§ PROBLEM TO WORK ON: Return the data exactly, without pictures.

§ SUPPLIED DATA:
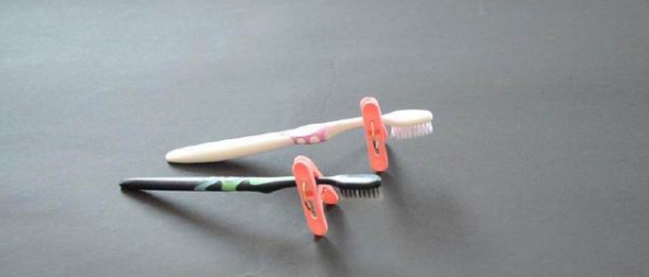 每次牙刷用完直接扔在洗漱台上很脏?教你一招,只需要用晾衣服的塑料夹子夹住牙刷的头部,再将它立起来放置就可以了。
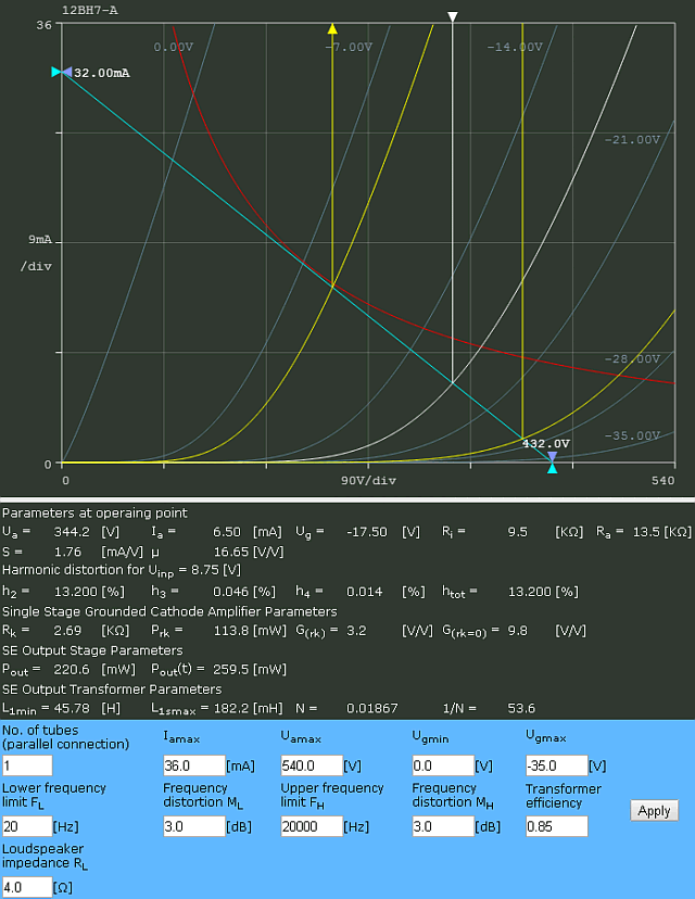 The program allows to determine the optimal operating point of a triode. It does not require installation and can be run by most web browsers. This is the first version of the program, which will be extended with new opportunities.
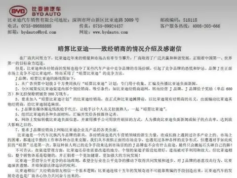 当时因为网分的多,每个网能卖的车就一两款,卖不出去,厂家要求还高,经销商就直接怒了,在 2010 年,吉林、浙江、湖南、山东等地纷纷退网,给比亚迪造成很大伤害。

§ FINISHED EXERCISE:
 每次牙刷用完直接扔在洗漱台上很脏?教你一招,只需要用晾衣服的塑料夹子夹住牙刷的头部,再将它立起来放置就可以了。
 The program allows to determine the optimal operating point of a triode. It does not require installation and can be run by most web browsers. This is the first version of the program, which will be extended with new opportunities.
 当时因为网分的多,每个网能卖的车就一两款,卖不出去,厂家要求还高,经销商就直接怒了,在 2010 年,吉林、浙江、湖南、山东等地纷纷退网,给比亚迪造成很大伤害。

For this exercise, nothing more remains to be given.